Nov 05 18:25:17 quarry-web-01 uwsgi-quarry-web[1815]: [2018-11-05 18:25:17,158] ERROR in app: Exception on /api/query/run [POST]
Nov 05 18:25:17 quarry-web-01 uwsgi-quarry-web[1815]: Traceback (most recent call last):
Nov 05 18:25:17 quarry-web-01 uwsgi-quarry-web[1815]:   File "/srv/quarry/venv/lib/python3.5/site-packages/flask/app.py", line 2292, in wsgi_app
Nov 05 18:25:17 quarry-web-01 uwsgi-quarry-web[1815]:     response = self.full_dispatch_request()
Nov 05 18:25:17 quarry-web-01 uwsgi-quarry-web[1815]:   File "/srv/quarry/venv/lib/python3.5/site-packages/flask/app.py", line 1815, in full_dispatch_request
Nov 05 18:25:17 quarry-web-01 uwsgi-quarry-web[1815]:     rv = self.handle_user_exception(e)
Nov 05 18:25:17 quarry-web-01 uwsgi-quarry-web[1815]:   File "/srv/quarry/venv/lib/python3.5/site-packages/flask/app.py", line 1718, in handle_user_exception
Nov 05 18:25:17 quarry-web-01 uwsgi-quarry-web[1815]:     reraise(exc_type, exc_value, tb)
Nov 05 18:25:17 quarry-web-01 uwsgi-quarry-web[1815]:   File "/srv/quarry/venv/lib/python3.5/site-packages/flask/_compat.py", line 35, in reraise
Nov 05 18:25:17 quarry-web-01 uwsgi-quarry-web[1815]:     raise value
Nov 05 18:25:17 quarry-web-01 uwsgi-quarry-web[1815]:   File "/srv/quarry/venv/lib/python3.5/site-packages/flask/app.py", line 1813, in full_dispatch_request
Nov 05 18:25:17 quarry-web-01 uwsgi-quarry-web[1815]:     rv = self.dispatch_request()
Nov 05 18:25:17 quarry-web-01 uwsgi-quarry-web[1815]:   File "/srv/quarry/venv/lib/python3.5/site-packages/flask/app.py", line 1799, in dispatch_request
Nov 05 18:25:17 quarry-web-01 uwsgi-quarry-web[1815]:     return self.view_functions[rule.endpoint](**req.view_args)

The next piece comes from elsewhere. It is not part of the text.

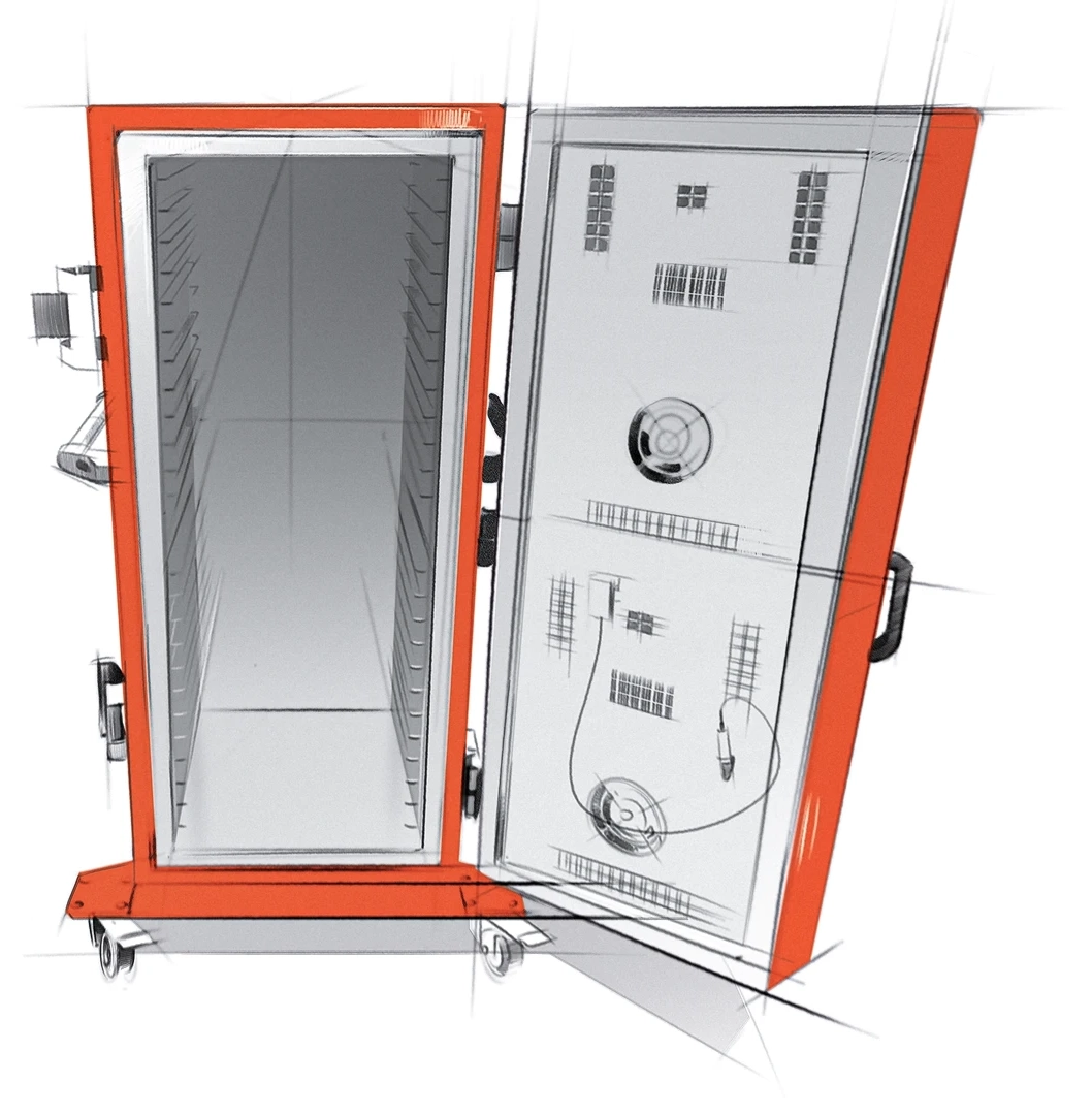 Für das Unternehmen im Sauerland geht es in der Zusammenarbeit mit ebm-papst vor allem um gute, auch mal unkonventionelle Ideen, Schnelligkeit und Zuverlässigkeit. Für David May, Vertriebsaußendienst bei ebm-papst, genau die richtige Aufgabe. Er und die drei von CoolCooking ticken gleich und finden Lösungen, um das Beste aus der Box herauszuholen. Eine lange Lebensdauer steht im Fokus. Und weil die Technik ausschließlich in der Tür dieser mobilen Box eingebaut ist, spielt die Kompaktheit der vier Radiallüfter und zwei Saugzuggebläse eine entscheidende Rolle.

Nov 05 18:25:17 quarry-web-01 uwsgi-quarry-web[1815]:   File "./quarry/web/app.py", line 236, in api_run_query
Nov 05 18:25:17 quarry-web-01 uwsgi-quarry-web[1815]:     if not result.ready():
Nov 05 18:25:17 quarry-web-01 uwsgi-quarry-web[1815]:   File "/srv/quarry/venv/lib/python3.5/site-packages/celery/result.py", line 311, in ready
Nov 05 18:25:17 quarry-web-01 uwsgi-quarry-web[1815]:     return self.state in self.backend.READY_STATES
Nov 05 18:25:17 quarry-web-01 uwsgi-quarry-web[1815]:   File "/srv/quarry/venv/lib/python3.5/site-packages/celery/result.py", line 471, in state
Nov 05 18:25:17 quarry-web-01 uwsgi-quarry-web[1815]:     return self._get_task_meta()['status']
Nov 05 18:25:17 quarry-web-01 uwsgi-quarry-web[1815]:   File "/srv/quarry/venv/lib/python3.5/site-packages/celery/result.py", line 410, in _get_task_meta
Nov 05 18:25:17 quarry-web-01 uwsgi-quarry-web[1815]:     return self._maybe_set_cache(self.backend.get_task_meta(self.id))
Nov 05 18:25:17 quarry-web-01 uwsgi-quarry-web[1815]:   File "/srv/quarry/venv/lib/python3.5/site-packages/celery/backends/base.py", line 365, in get_task_meta
Nov 05 18:25:17 quarry-web-01 uwsgi-quarry-web[1815]:     meta = self._get_task_meta_for(task_id)
Nov 05 18:25:17 quarry-web-01 uwsgi-quarry-web[1815]:   File "/srv/quarry/venv/lib/python3.5/site-packages/celery/backends/base.py", line 680, in _get_task_meta_for
Nov 05 18:25:17 quarry-web-01 uwsgi-quarry-web[1815]:     return self.decode_result(meta)
Nov 05 18:25:17 quarry-web-01 uwsgi-quarry-web[1815]:   File "/srv/quarry/venv/lib/python3.5/site-packages/celery/backends/base.py", line 284, in decode_result
Nov 05 18:25:17 quarry-web-01 uwsgi-quarry-web[1815]:     return self.meta_from_decoded(self.decode(payload))
Nov 05 18:25:17 quarry-web-01 uwsgi-quarry-web[1815]:   File "/srv/quarry/venv/lib/python3.5/site-packages/celery/backends/base.py", line 280, in meta_from_decoded
Nov 05 18:25:17 quarry-web-01 uwsgi-quarry-web[1815]:     meta['result'] = self.exception_to_python(meta['result'])
Nov 05 18:25:17 quarry-web-01 uwsgi-quarry-web[1815]:   File "/srv/quarry/venv/lib/python3.5/site-packages/celery/backends/base.py", line 260, in exception_to_python
Nov 05 18:25:17 quarry-web-01 uwsgi-quarry-web[1815]:     exc = cls(*exc_msg if isinstance(exc_msg, tuple) else exc_msg)
Nov 05 18:25:17 quarry-web-01 uwsgi-quarry-web[1815]: TypeError: __init__() missing 2 required positional arguments: 'params' and 'orig'

Not sure what is going on. Not reproducible by creating a new query. Workarounded by using FLUSHALL on redis-cli.